STAR WARS (KENNER)
You guys know what day it is, right? It’s May 4th, otherwise known as Star Wars Day! Clearly, I have to review something Star Wars-related.
Star Wars is populated by a plethora of fascinating creatures; some are big, and some are quite small. Today’s focus is an example of the small: the Jawas. Yes, those tiny, little hooded guys, whose actual appearance will forever be shrouded in mystery. The Jawas have been with the franchise from the very beginning, even in action figure form, being one of three alien races to find their way into the original line-up of twelve figures. I’ll be looking at that very first Jawa figure today.
THE FIGURE ITSELF
The Jawa was part of the first retail assortment of Star Wars figures from Kenner, released back in 1978. Unlike later Jawas, which were released in pairs or with smaller droids, this guy was released all by himself. The figure stands about 2 inches tall and he has 4 points of articulation. There were two distinct versions of the Jawa available: one with a cloth robe (the one seen here), and one with a plastic cape (similar to those seen on Princess Leia, Ben Kenobi, and Darth Vader). The end result is two very different looking figures that are fundamentally the same figure at the end of the day. The cloth robe is a bit thick and cumbersome, truth be told, and it really doesn’t fit the figure all that well. When placed on the figure, the actual figure might as well not be there, since you can’t see it at all for all the fabric. It’s a good idea in theory, but doesn’t work so well in practice. What’s under the robe is a whole different story; the underlying figure is fully sculpted, and actually does a pretty decent job of capturing the look of the Jawas seen in the movie. It even has the two bandoliers, which are unseen with the robe in place. Sure, the sculpt isn’t on par with the level of detail seen on more recent Jawas. It has a much more cartoony appearance, proportions that would be more appropriate on a figure twice the size, and those strange pantsuit legs that plagued all of the robed characters in the vintage line, but the general look is definitely there. There’s no denying that this is a Jawa. The Jawa’s paintwork is rather basic: he’s mostly just molded in the appropriate brown, with paint for his face and eyes, hands, and the bandoliers. What’s there is relatively clean, apart from the obvious wear that the figure has taken over time. The Jawa originally included a small blaster.
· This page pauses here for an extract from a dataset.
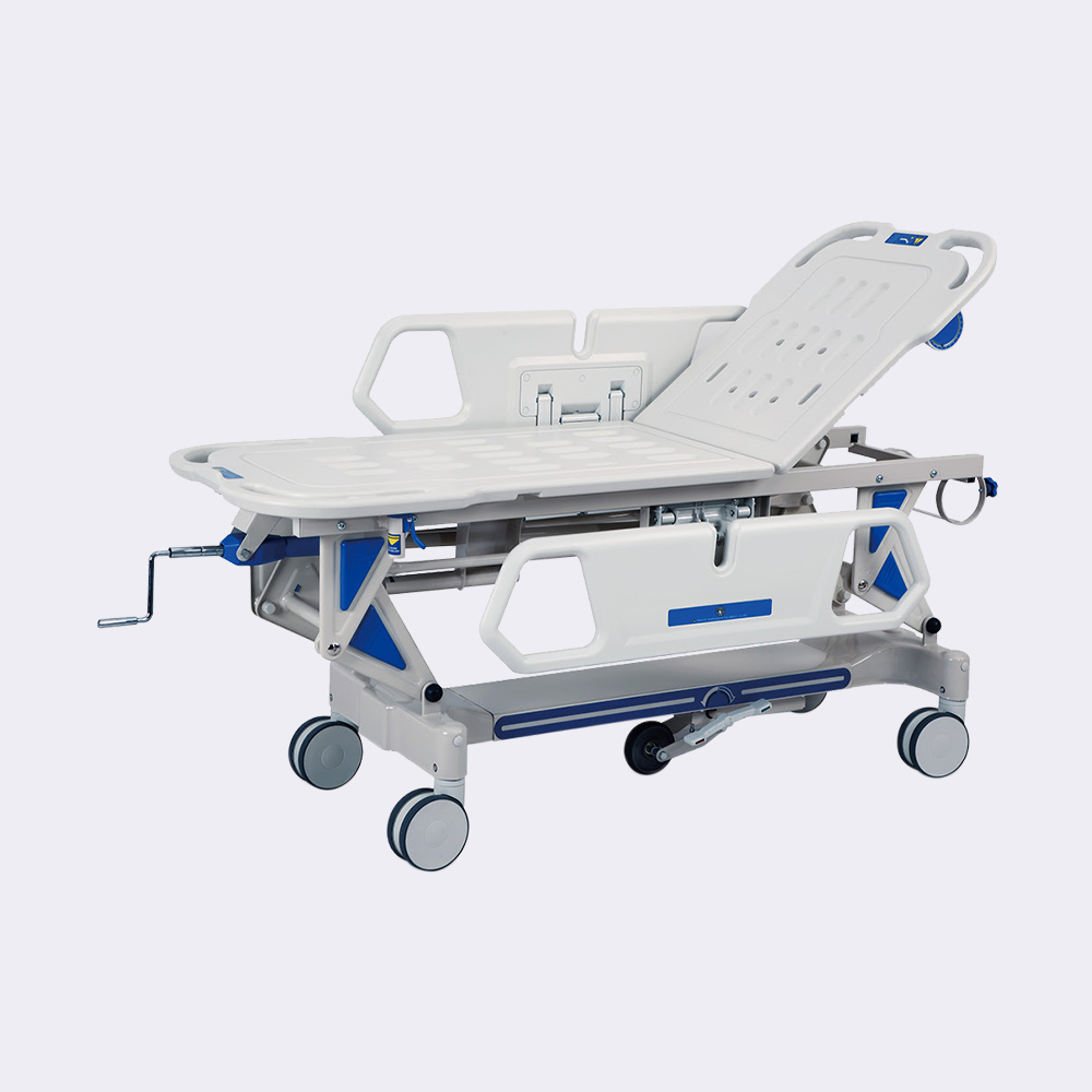 醫用轉移車,順時針方向搖動搖手時,車體上升,逆時針方向搖動,車體下降

THE ME HALF OF THE EQUATION
When I was a kid, my dad gave me his collection of Star Wars figures. It consisted of eleven of the original twelve figures. Care to guess which of the twelve he didn’t have? It was the Jawa (in recent years, I’ve asked him why he never got the Jawa, to which he had no real answer beyond a vague sort of a shrug). Over the holidays, I found this figure at an antique store, and Super Awesome Girlfriend insisted on buying it for me. So, 37 years later, my dad’s first assortment of Star Wars figures is complete. That’s pretty nifty.